A lag in restoring pre-pandemic routes by airlines will boost private aviation operators as business travel returns over the next 12 months.

GlobeAir_Fleet

Source: GlobeAir

GlobeAir operates an all-Mustang fleet

That is the view of Bernhard Fragner, chief executive and founder of Austrian charter operator GlobeAir, who believes the light- to medium-size jet segments will be the main beneficiaries, as they are most affordable for travellers switching from commercial flights.

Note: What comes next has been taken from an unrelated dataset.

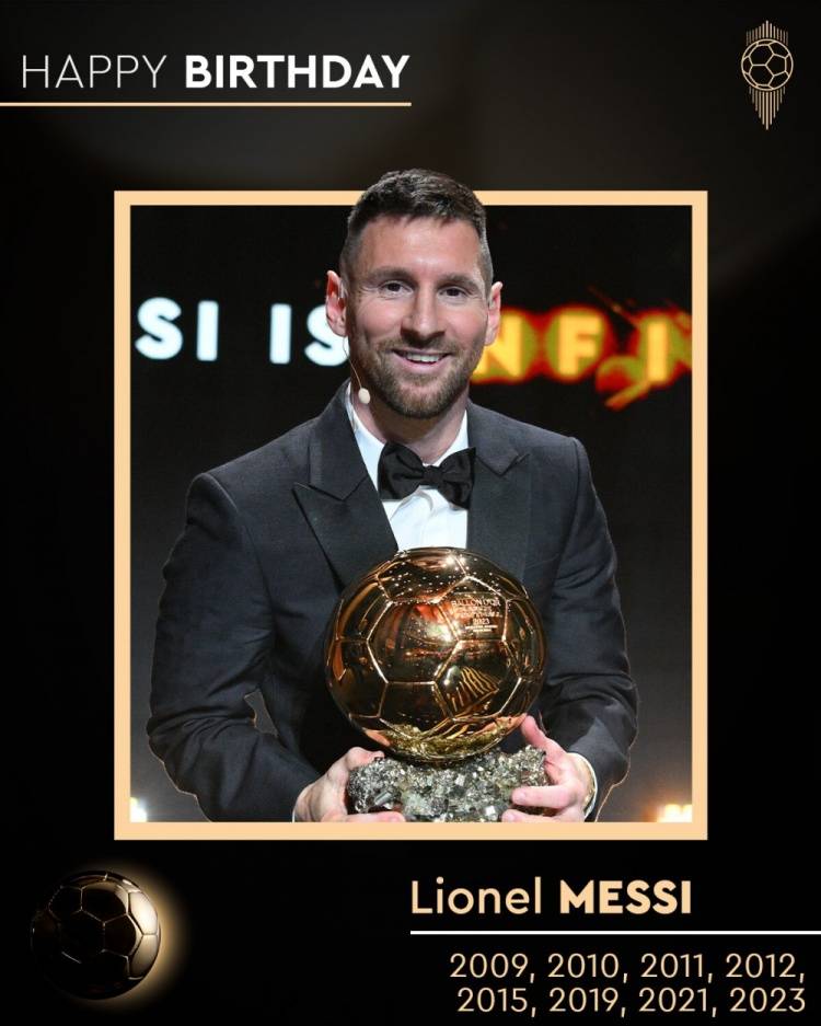 还有金球奖官方,他们这样写:2009、2010、2011、2012、2015、2019、2021、2023……生日快乐,莱昂内尔·M8SSI!这是比较有创意的写法,也直接说明梅西的身份:8金球奖先生。此外还有阿根廷国家队、法甲、欧冠、纽维尔老男孩等俱乐部或机构在线祝球王生日快乐。

“Airlines are not immediately coming back to pre-corona levels, so a lot of direct routes will be lost,” Fragner today told a panel session at EBACE Connect, the virtual replacement for the annual business aviation convention.

Fragner, whose company is the world’s biggest operator of the four-passenger Cessna Citation Mustang, says the role business aviation has played during the pandemic in offering repatriation flights and maintaining essential travel links is reversing popular perceptions about the sector.

“The press business aviation has had over the past 12 months has been fantastic. It is the first time that I have been in business that I can recall such positive coverage,” he says.

A lack of availability of commercial flights during the crisis has also boosted traffic for the lighter business jet segment in the USA, with executives using them for short-haul, often multi-stop itineraries, according to Ian Moore, chief commercial officer of high-end charter operator VistaJet, whose parent company owns US charter provider XOjet.

“We’ve seen a lot of interest in people utilizing a smaller jet to get around, say, the northeast region,” he says.